What A Typical Weekday Routine for Kids Looks Like

8 am | Family Walk

  • This is the only hard and fast time rule in our house. It’s important to have a signal that the day had started. Everyone needs to be dressed and ready by 8am. Having that marker ensures that the weekends and weekdays days don’t blur together, even if the setting does.

9 am-3 pm | School/Work

  • For us, the morning is by far the most productive period of the day and we try to make the most of it.
  • We’ve worked with our teachers to craft a checklist of work that should be completed on a daily basis: 15 minutes of reading aloud, 1 writing assignment, 30 minutes of art, etc. When exactly those things happen can vary, they just need to be done. We have a list on the wall that can be checked off as they’re completed. Schools are also starting to add virtual learning aspects that fit into this window.
  • Depending on how strict our work schedules are on a given day, we’ll set specific times to help with any school work that is needed. Kind of like mom/dad open office hours.
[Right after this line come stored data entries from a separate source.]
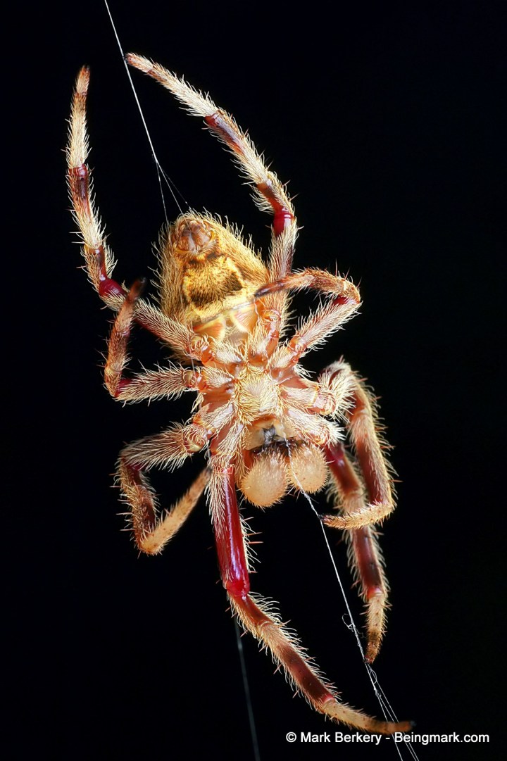 If there’s anything can discourage an assassin bug it’s this spider, an orb weaver. But they never meet this dark night. Who knows what may be the next …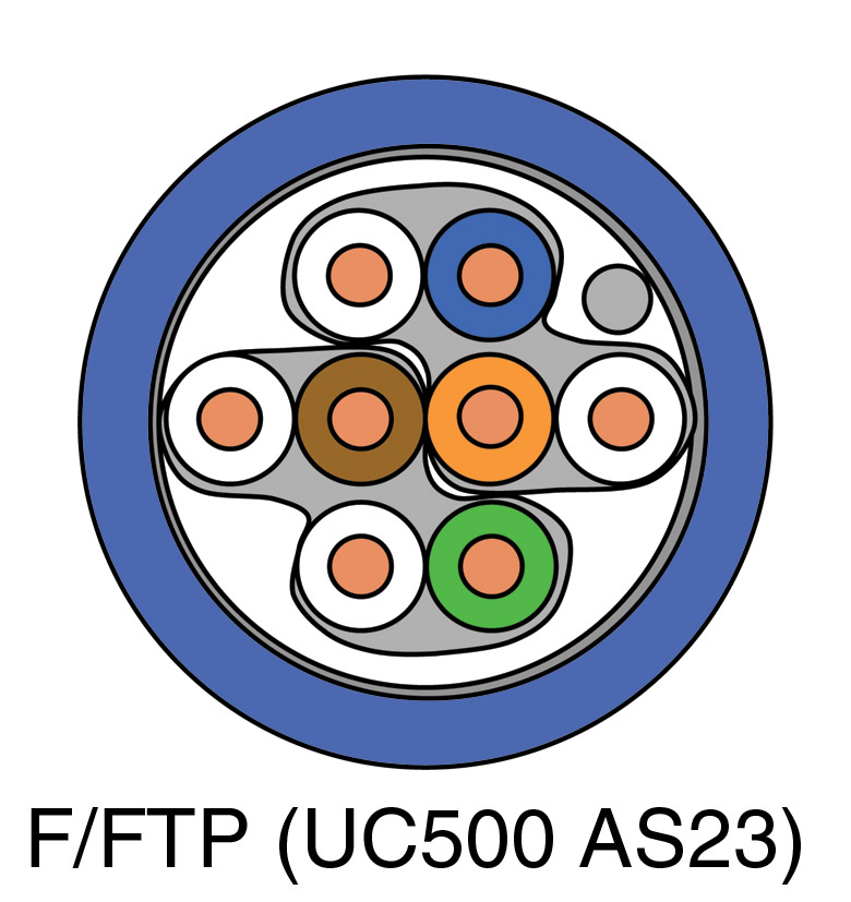 They have a Draka patented foil screen over pairs 1 and 2 (blue, orange) and another over pairs 3 and 4 (green and brown). The F/FTP and S/FTP types are like U/FTP but respectively include a foil with drain wire overall screen or tinned copper braid overall screen.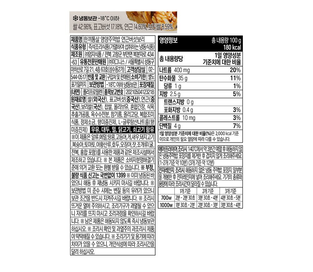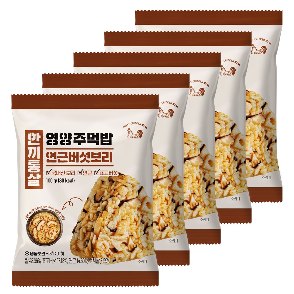 한끼통살의 주먹밥과 함께 간편한 한 끼를 즐겨보세요. 쫄깃한 표고버섯과 아삭한 연근이 만나 다채로운 식감을 선사하는데요. 구수한 보리쌀을 더해 담백한 풍미를 완성했답니다. 에어프라이어나 전자레인지로 간단하게 조리해 드셔보세요.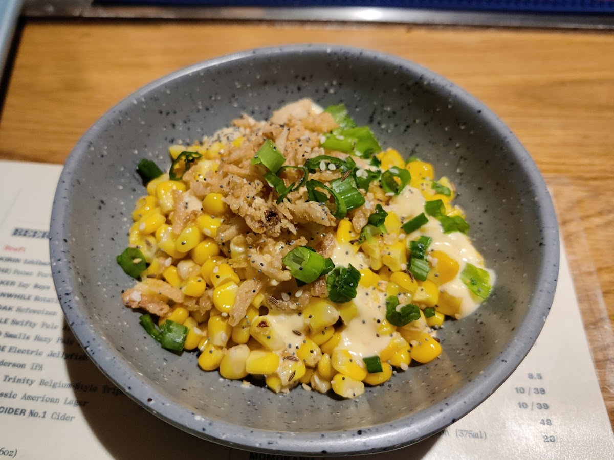 crispy corn tortilla, creme fraiche, shishito salsa verde // contains dairy and gluten, fried in the same oil as gluten and tree nuts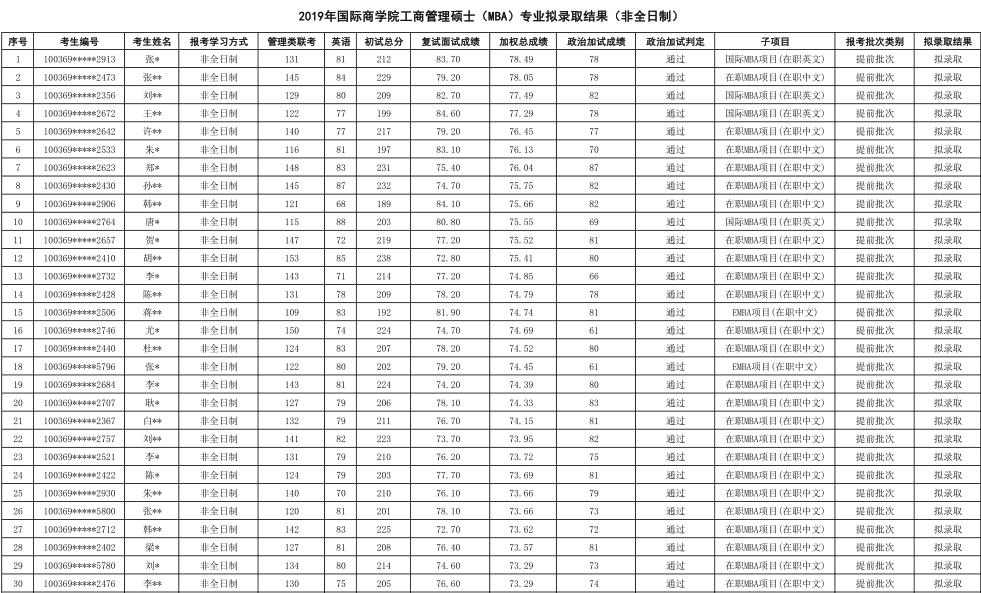 2019年对外经济贸易大学工商管理硕士(MBA全日制)专业研究生拟录取名单

Embracing a loose school/work routine for the bulk of the day has been a game-changer. During the first week of homeschool, we clung to the schedule and tried to match the schedule of the classroom. We told ourselves it would bring comfort and stability to the situation. It didn’t go well. It brought a lot of unnecessary stress into an already stressful picture. I mean, who cares if “gym class” takes place exactly at 10 am?

3-8 pm | Free Time

  • This is the block of time we’ve tried to keep the most flexible. Giving ourselves the freedom to do what is needed most on any given day. On the days we really have it together, that might look like working while the kid quietly plays with dolls. On other days, that might mean everyone plops in front of the TV for “brain breaks.”
  • This is also the space where we’ve called in some virtual help. Depending on the day, this can take shape a couple of different ways: playdates with friends (legos and dolls are things that translate well via virtual hangouts), Grandparent FaceTimes, or even a professional to play some games for an hour or two. Outsourcing some playtime in the afternoon gives us more time to focus on our work

8pm | Kiddo Bedtime

  • During the week, we keep our strict bedtime. Once the kid is in bed, we adults can finish any work we’ve missed throughout the day that needs immediate attention or we can unplug and recharge for another day in the home/work school gauntlet.

This is our new daily weekday routine. Our new normal in extraordinary times. What the coming weeks have in store is still largely unknown. But for now, this is our world. Every day we test new things and adapt. Little by little, we’re making it work and settling into a flow.

The beauty of a routine is that you can shape it to work for your specific needs. Ours is specific to us (we know we’re privileged to be able to continue our work from home) but, it’s possible for everyone to find their new routine and settle into the flow.